▶ What you should do
Your answer must be the lines from the first one in the material through the line with "Если не удается", retyped exactly and with no pictures.

▶ Information shown

»»

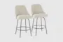Enhance your dining experience with the Marcie 27" Counter Height Stool with Swivel in black metal and cream fabric. Perfect for any contemporary dining room, this set of 2 stools features a comfortable swivel design and a stylish brass nailhead trim. The round black metal footrest adds both function and style, making these stools a great addition to your dining or kitchen space.
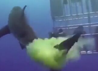 Mergulhadora dentro de um Tubarão-Tigre ?
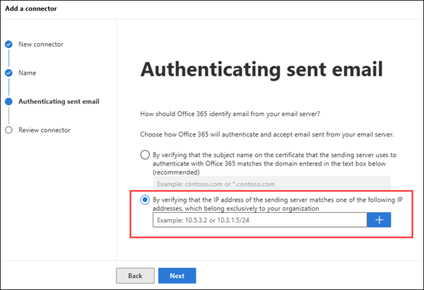 Если не удается настроить соединитель на основе сертификата, настройте соединитель на основе IP-адресов для ретрансляции электронной почты через Microsoft 365 или Office 365.
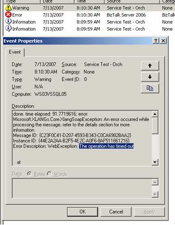 Recently, when calling web services from the BizTalk environment, we were seeing intermittent instances of the “WebException: The request was aborted: The request was canceled” error message in the application Event Log. This occurred mostly under heavy load situations, but could be duplicated even with fairly small load.

««

▶ Task response
Enhance your dining experience with the Marcie 27" Counter Height Stool with Swivel in black metal and cream fabric. Perfect for any contemporary dining room, this set of 2 stools features a comfortable swivel design and a stylish brass nailhead trim. The round black metal footrest adds both function and style, making these stools a great addition to your dining or kitchen space.
 Mergulhadora dentro de um Tubarão-Tigre ?
 Если не удается настроить соединитель на основе сертификата, настройте соединитель на основе IP-адресов для ретрансляции электронной почты через Microsoft 365 или Office 365.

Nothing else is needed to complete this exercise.